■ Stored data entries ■
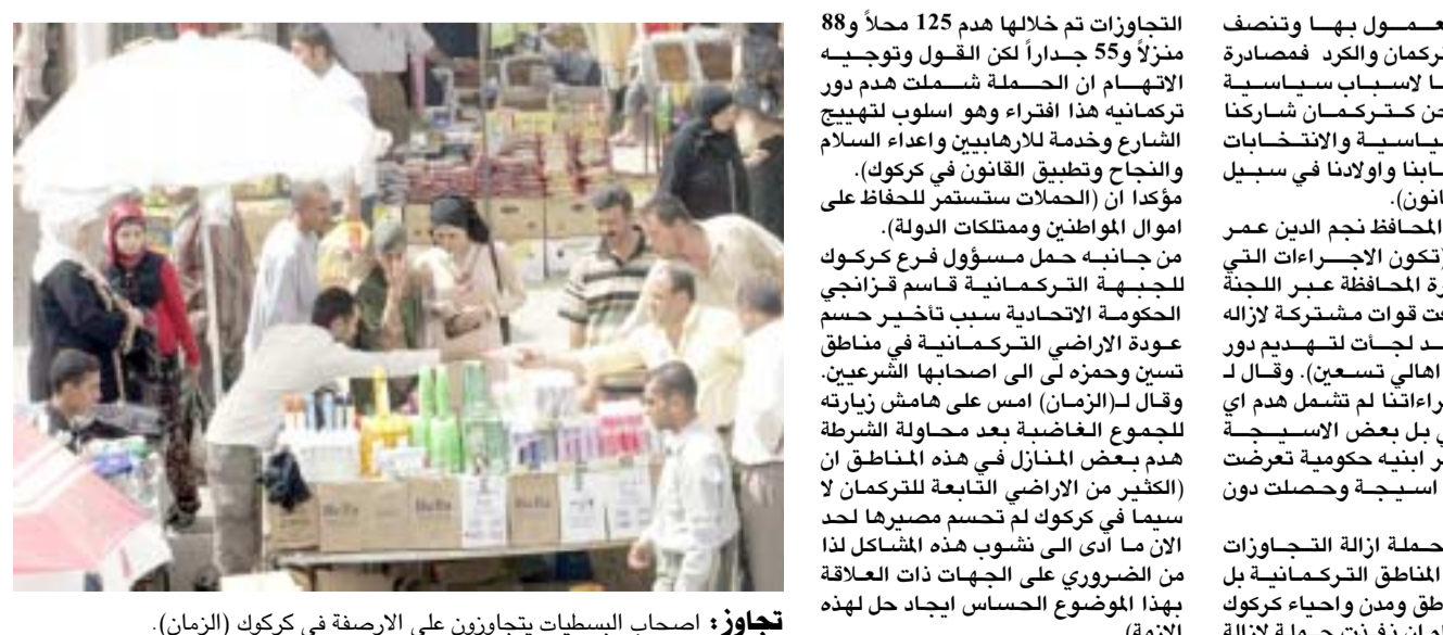
تجاوز : اصحاب البسليات يتجاوزون على الارصفة في كركوك (الزمان).

التجاوزات تم خلالها هدم 125 محلاً و 88 منزلاً و 55 جداراً لكن القبول وتوجيه الاتهام ان الحملة شملت هدم دور تركمانية هذا افتراء وهو اسلوب لتنهيج الشارع وخدمة لارهابيين واعداء السلام والنجاح وتطبيق القانون في كركوك. مؤكدا ان (المحلات مستثمر للحفاظ على اموال المواطنين وممتلكات الدولة). وتبين وحزمه الى اصحابها التشريعي. وقال ل(الزمان) امس على هامش زيارته للجموع الغاضبة بعد محاولة الشرطة هدم بعض المنازل في هذه المناطق ان (الكثير من الاراضي التابعة للتركامان لحد سيمما في كركوك لم تحسم مصيرها لحد الان ما ادى الى نشوب هذه المشاكل لذا من الضروري على الجهات ذات العلاقة بهذا الموضوع الحساس ايجاد حل لهذه الازمة).
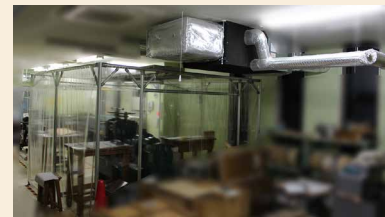
設置した局所給排気設備

圧延室に局所給排気設備を設置し換気を強化しました。その結果、溶剤の換気に要する待機時間がなくなったことで合計すると月約75時間の労働時間の削減を達成できました。
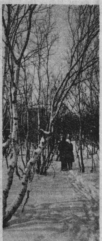
В городском парке.
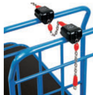
Pfandschloss Art.-Nr. 2910

DIN A4 (längs oder quer) Holz mit Papierklammer und Bleistiftablage
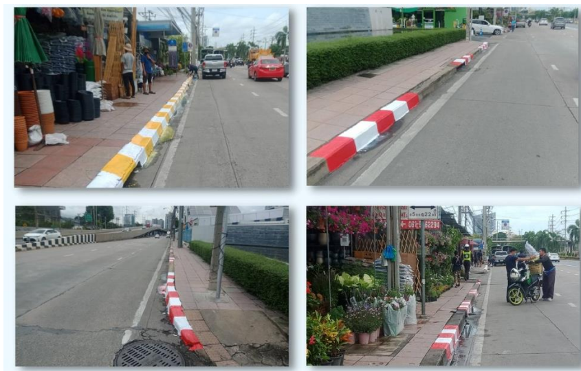
หลังดำเนินการ
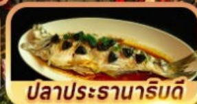
ปลาประรานาภิบดี
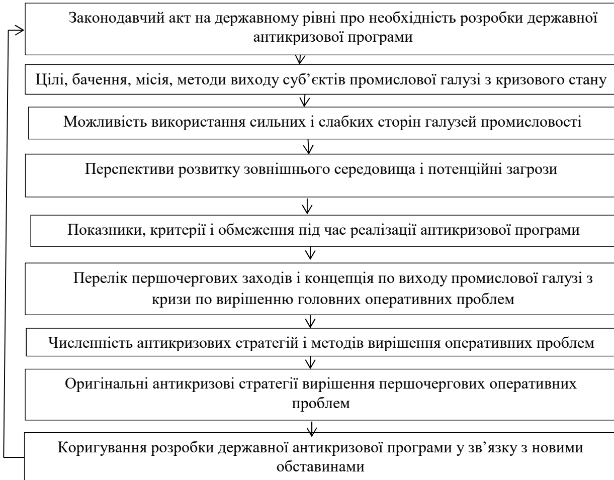
Рисунок 3 – Елементи, що визначають замкнутий цикл процесу розробки державної антикризової програми

З рис. 3 достатньо ясно видно елементи державної антикризової програми і їх циклічний характер. Підсумком формування державної антикризової програми буде заключний вибір першорядних антикризових заходів, пов'язаних з розвитком ключових точок соціально-економічного розвитку, які забезпечать вихід області з кризового стану і перехід його на стабільну траєкторію підйому економіки.
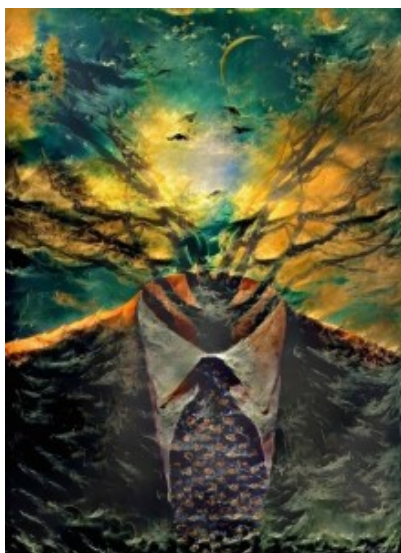
“Tree branches” de Bruce Rolff

El patio era grande e irregular, con un gran duraznero fortachón en el centro y un asiento de ladrillos a su alrededor, donde mi abuelo se sentaba con el plato de comida en la mano, mientras enarbolaba una cuchara amenazadora. Por mi parte, yo andaba en mi triciclo lentamente e intentaba evitar a mi abuelo para no abrir la boca y tener que comer el puré de calabazas con lomo picado. Era un chico inapetente. “Tenés que cargar combustible”, me decía el Nono. Ahora entiendo la paciencia de aquel hombre ante el primogénito flacucho, que obsesionaba a toda la tribu con su manía.
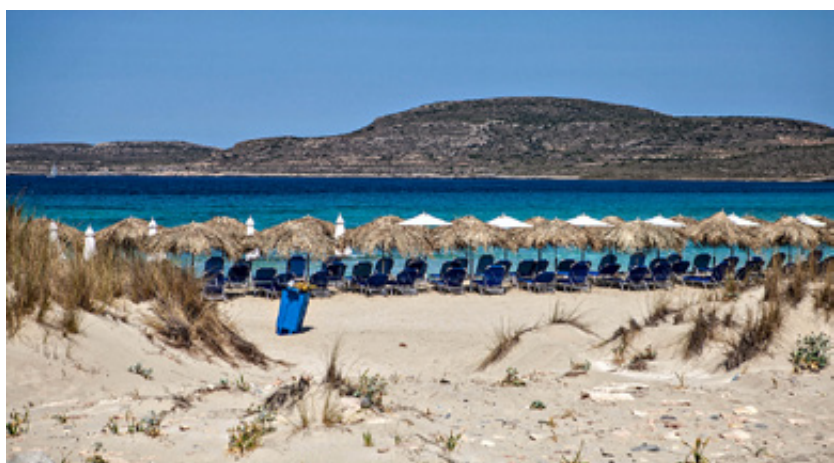
Κάθε ώρα της μέρας και με κάθε καιρό η ομορφιά της Ελαφονήσου είναι εξωτική.

σημασία για την καντίνα είχε η μουσική. Πάντα ποιοτική και ανάλογα με τις ώρες. Άρεσε πολύ στους ανθρώπους. Συνωστιζόνταν πολλές φορές μπροστά στον πάγκο μ' ένα χαρτάκι στο χέρι, για να τους γράψουμε το τραγούδι που έπαιζε εκείνη τη στιγμή.
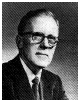
Профессор д-р Дональд Хебб
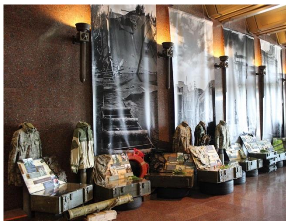
Фото 10. «На лінії вогню» (8 травня 2018 - 10 вересня 2019)
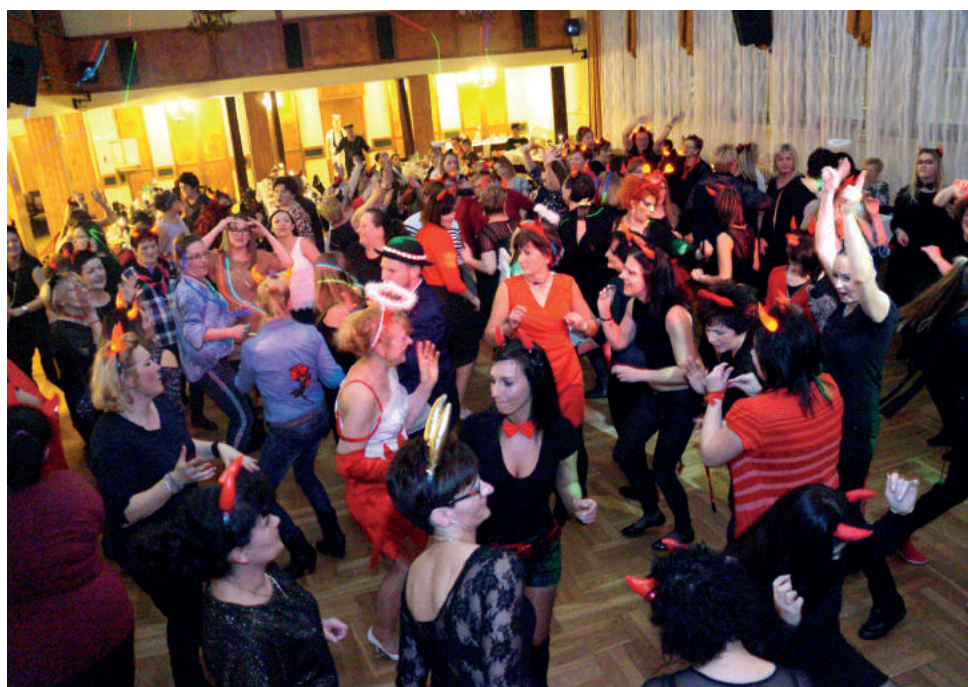
Tegoroczny Babski Comber odbył się pod hasłem „Anielice i diabllice”

Szpeciallynie warta zapamiętania była wycieczka ścieżkami Ojcowskiego Parku Narodowego, w którym to odwiedziły barokowy kościół i pustelnię bł. Salomei: Jest tam taki wielki betonowy słoń, którego trzeba poklepać na szczęście – wspominają z uśmiechem klubowiczki. – Ta pustelnia jest na niesamowitym odludziu. Bardzo
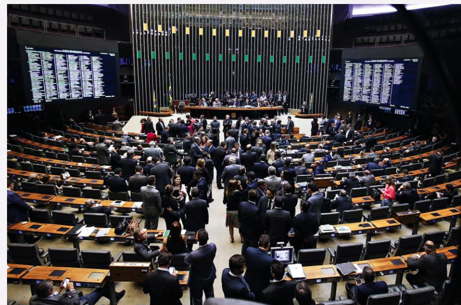
Plenário da Câmara dos Deputado em sessão.

Além disso, a Frencoop também conta com uma Diretoria formada por parlamentares que estão na linha de frente dessa atuação em defesa das cooperativas no Congresso Nacional. Veja a seguir!
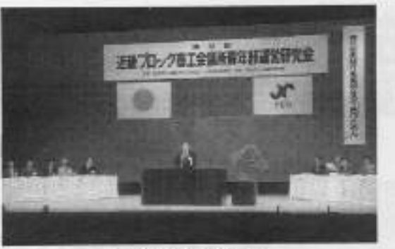
近畿ブロック運営研究会

「現代を先駆ける」をテーマに、近畿ブロック運営研究会は、11月10日(日)に大阪で開会した。開会式には、近畿ブロック運営研究会代表の代表氏が挨拶を述べた。研究会の活動は、近畿の各ブロックで展開されている。研究会の活動は、近畿の各ブロックで展開されている。研究会の活動は、近畿の各ブロックで展開されている。
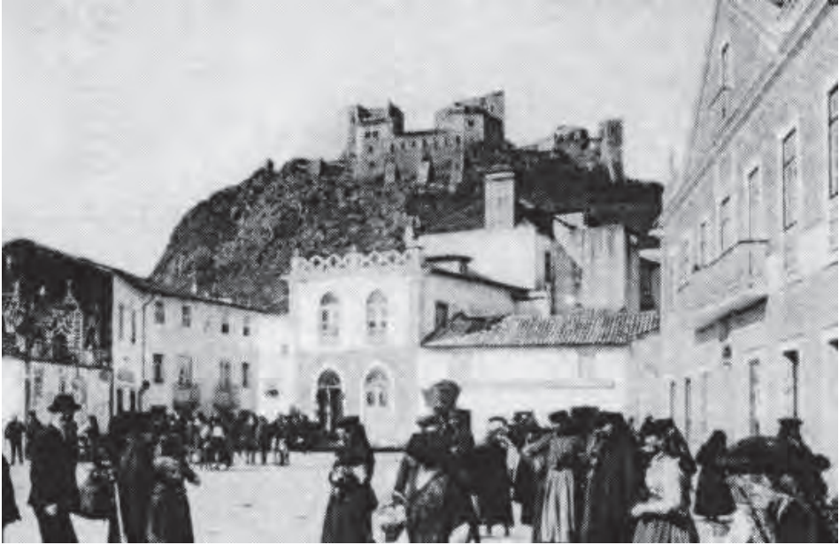
Castelo de Leiria antes da intervenção no final do séc. XIX (extracto de postal antigo).
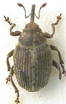
Amalorrhynchus melanarius (© RL)

1 ex., France, localité non signalée (N°8054). Europe moyenne et centrale, Turquie.
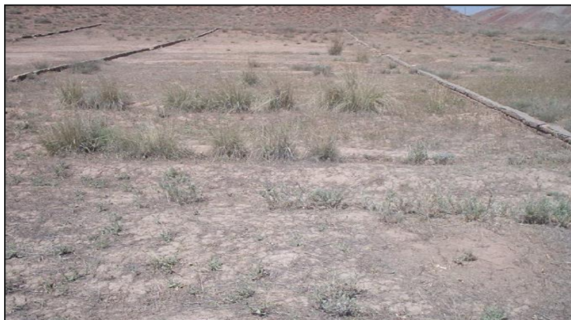
شکل ۴- وضعیت تیمار شاهد بعد از کاشت گیاه آگروپیرون النگاتوم

■ WHAT THE TASK ASKS ■
Set down the entries again without change. Leave the pictures out.

■ SOLUTION TO THE EXERCISE ■
تجاوز : اصحاب البسليات يتجاوزون على الارصفة في كركوك (الزمان).

التجاوزات تم خلالها هدم 125 محلاً و 88 منزلاً و 55 جداراً لكن القبول وتوجيه الاتهام ان الحملة شملت هدم دور تركمانية هذا افتراء وهو اسلوب لتنهيج الشارع وخدمة لارهابيين واعداء السلام والنجاح وتطبيق القانون في كركوك. مؤكدا ان (المحلات مستثمر للحفاظ على اموال المواطنين وممتلكات الدولة). وتبين وحزمه الى اصحابها التشريعي. وقال ل(الزمان) امس على هامش زيارته للجموع الغاضبة بعد محاولة الشرطة هدم بعض المنازل في هذه المناطق ان (الكثير من الاراضي التابعة للتركامان لحد سيمما في كركوك لم تحسم مصيرها لحد الان ما ادى الى نشوب هذه المشاكل لذا من الضروري على الجهات ذات العلاقة بهذا الموضوع الحساس ايجاد حل لهذه الازمة).
設置した局所給排気設備

圧延室に局所給排気設備を設置し換気を強化しました。その結果、溶剤の換気に要する待機時間がなくなったことで合計すると月約75時間の労働時間の削減を達成できました。
В городском парке.
Pfandschloss Art.-Nr. 2910

DIN A4 (längs oder quer) Holz mit Papierklammer und Bleistiftablage
หลังดำเนินการ
ปลาประรานาภิบดี
Рисунок 3 – Елементи, що визначають замкнутий цикл процесу розробки державної антикризової програми

З рис. 3 достатньо ясно видно елементи державної антикризової програми і їх циклічний характер. Підсумком формування державної антикризової програми буде заключний вибір першорядних антикризових заходів, пов'язаних з розвитком ключових точок соціально-економічного розвитку, які забезпечать вихід області з кризового стану і перехід його на стабільну траєкторію підйому економіки.
“Tree branches” de Bruce Rolff

El patio era grande e irregular, con un gran duraznero fortachón en el centro y un asiento de ladrillos a su alrededor, donde mi abuelo se sentaba con el plato de comida en la mano, mientras enarbolaba una cuchara amenazadora. Por mi parte, yo andaba en mi triciclo lentamente e intentaba evitar a mi abuelo para no abrir la boca y tener que comer el puré de calabazas con lomo picado. Era un chico inapetente. “Tenés que cargar combustible”, me decía el Nono. Ahora entiendo la paciencia de aquel hombre ante el primogénito flacucho, que obsesionaba a toda la tribu con su manía.
Κάθε ώρα της μέρας και με κάθε καιρό η ομορφιά της Ελαφονήσου είναι εξωτική.

σημασία για την καντίνα είχε η μουσική. Πάντα ποιοτική και ανάλογα με τις ώρες. Άρεσε πολύ στους ανθρώπους. Συνωστιζόνταν πολλές φορές μπροστά στον πάγκο μ' ένα χαρτάκι στο χέρι, για να τους γράψουμε το τραγούδι που έπαιζε εκείνη τη στιγμή.
Профессор д-р Дональд Хебб
Фото 10. «На лінії вогню» (8 травня 2018 - 10 вересня 2019)
Tegoroczny Babski Comber odbył się pod hasłem „Anielice i diabllice”

Szpeciallynie warta zapamiętania była wycieczka ścieżkami Ojcowskiego Parku Narodowego, w którym to odwiedziły barokowy kościół i pustelnię bł. Salomei: Jest tam taki wielki betonowy słoń, którego trzeba poklepać na szczęście – wspominają z uśmiechem klubowiczki. – Ta pustelnia jest na niesamowitym odludziu. Bardzo
Plenário da Câmara dos Deputado em sessão.

Além disso, a Frencoop também conta com uma Diretoria formada por parlamentares que estão na linha de frente dessa atuação em defesa das cooperativas no Congresso Nacional. Veja a seguir!
近畿ブロック運営研究会

「現代を先駆ける」をテーマに、近畿ブロック運営研究会は、11月10日(日)に大阪で開会した。開会式には、近畿ブロック運営研究会代表の代表氏が挨拶を述べた。研究会の活動は、近畿の各ブロックで展開されている。研究会の活動は、近畿の各ブロックで展開されている。研究会の活動は、近畿の各ブロックで展開されている。
Castelo de Leiria antes da intervenção no final do séc. XIX (extracto de postal antigo).
Amalorrhynchus melanarius (© RL)

1 ex., France, localité non signalée (N°8054). Europe moyenne et centrale, Turquie.
شکل ۴- وضعیت تیمار شاهد بعد از کاشت گیاه آگروپیرون النگاتوم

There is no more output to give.